◆ PROBLEM DESCRIPTION
Using only the entries below, output the lines starting at the one containing "Vídeo 177SCD845/26 N/D" and ending at the one containing "SCHOLENMUSICAL PORGY & BESS", exactly and inclusive of both, omitting the pictures.

◆ RECORDED INFORMATION
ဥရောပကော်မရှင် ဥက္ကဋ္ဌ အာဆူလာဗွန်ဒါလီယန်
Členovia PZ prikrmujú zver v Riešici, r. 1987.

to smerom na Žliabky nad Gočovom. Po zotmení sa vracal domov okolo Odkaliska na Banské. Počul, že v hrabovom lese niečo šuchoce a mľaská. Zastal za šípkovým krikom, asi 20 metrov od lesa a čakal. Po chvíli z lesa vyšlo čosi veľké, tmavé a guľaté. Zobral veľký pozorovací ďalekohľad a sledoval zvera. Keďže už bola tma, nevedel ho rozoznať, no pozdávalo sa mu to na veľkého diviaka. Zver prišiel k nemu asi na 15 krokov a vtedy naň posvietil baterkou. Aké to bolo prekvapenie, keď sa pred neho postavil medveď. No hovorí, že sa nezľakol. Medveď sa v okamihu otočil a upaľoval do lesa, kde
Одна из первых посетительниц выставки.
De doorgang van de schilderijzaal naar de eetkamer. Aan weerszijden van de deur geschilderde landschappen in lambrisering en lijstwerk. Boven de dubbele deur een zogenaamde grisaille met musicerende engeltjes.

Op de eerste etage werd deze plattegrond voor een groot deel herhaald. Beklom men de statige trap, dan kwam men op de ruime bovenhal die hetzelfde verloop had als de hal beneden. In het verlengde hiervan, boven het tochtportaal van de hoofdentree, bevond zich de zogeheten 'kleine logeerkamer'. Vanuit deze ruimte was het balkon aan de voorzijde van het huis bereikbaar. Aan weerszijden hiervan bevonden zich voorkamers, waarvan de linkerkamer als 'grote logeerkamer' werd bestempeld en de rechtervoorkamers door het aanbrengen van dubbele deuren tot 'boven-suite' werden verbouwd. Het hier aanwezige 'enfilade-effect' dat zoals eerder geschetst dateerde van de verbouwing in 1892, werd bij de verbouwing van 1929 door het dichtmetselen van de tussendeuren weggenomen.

...

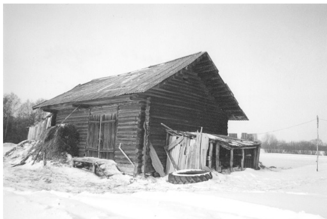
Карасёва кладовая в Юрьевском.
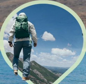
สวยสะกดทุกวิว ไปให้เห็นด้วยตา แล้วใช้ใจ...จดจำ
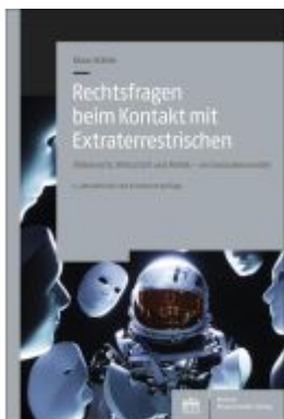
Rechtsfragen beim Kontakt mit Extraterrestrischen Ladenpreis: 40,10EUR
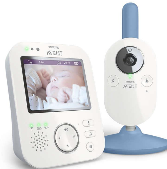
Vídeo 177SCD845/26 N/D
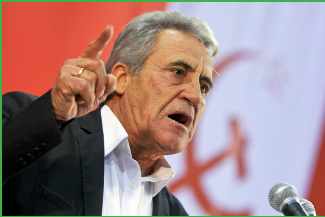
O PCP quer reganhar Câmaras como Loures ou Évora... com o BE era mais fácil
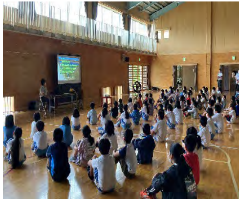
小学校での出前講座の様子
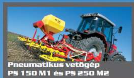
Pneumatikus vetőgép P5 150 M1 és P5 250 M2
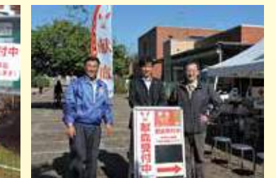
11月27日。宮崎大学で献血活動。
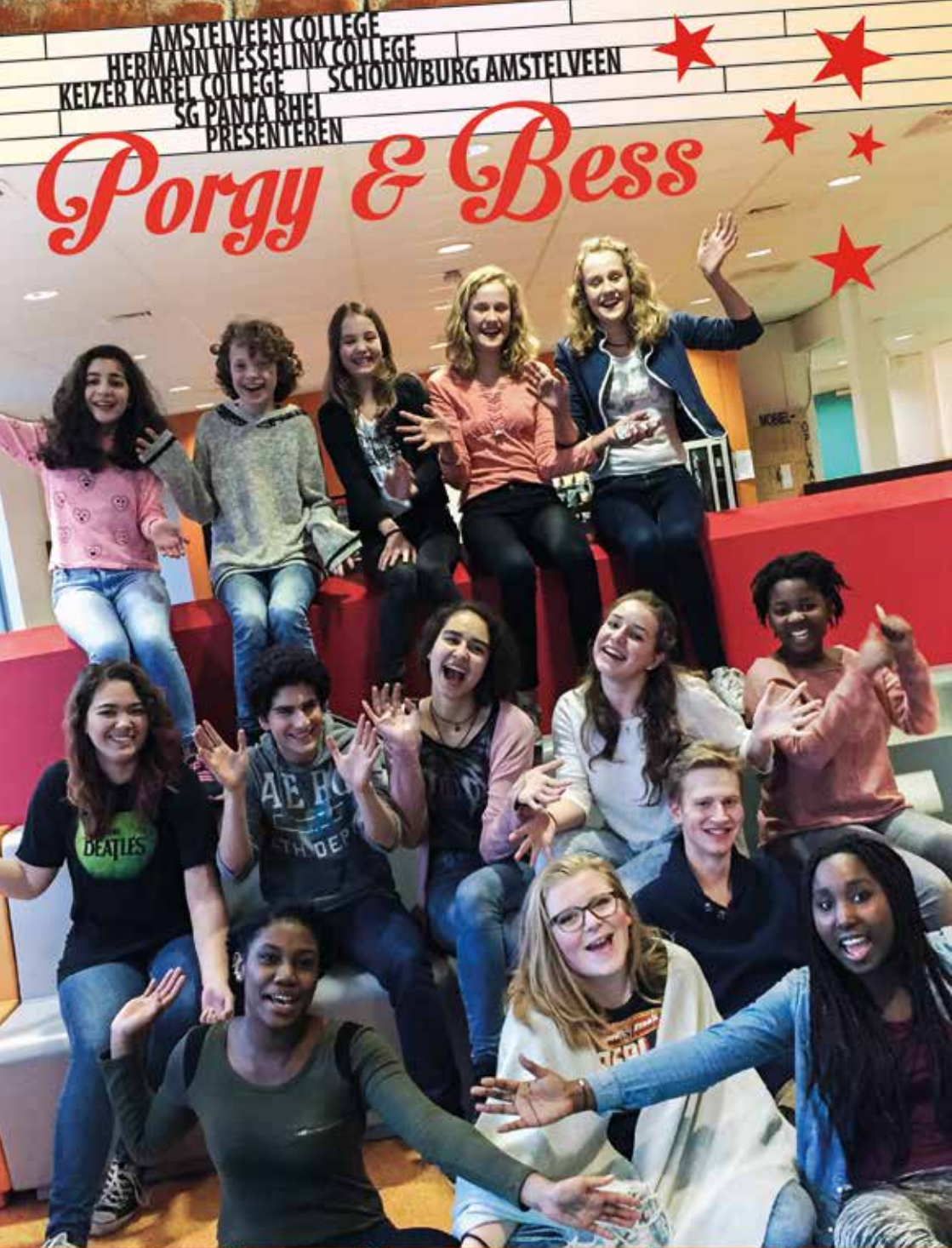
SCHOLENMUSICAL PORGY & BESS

◆ RESPONSE TO THE EXERCISE
Vídeo 177SCD845/26 N/D
O PCP quer reganhar Câmaras como Loures ou Évora... com o BE era mais fácil
小学校での出前講座の様子
Pneumatikus vetőgép P5 150 M1 és P5 250 M2
11月27日。宮崎大学で献血活動。
SCHOLENMUSICAL PORGY & BESS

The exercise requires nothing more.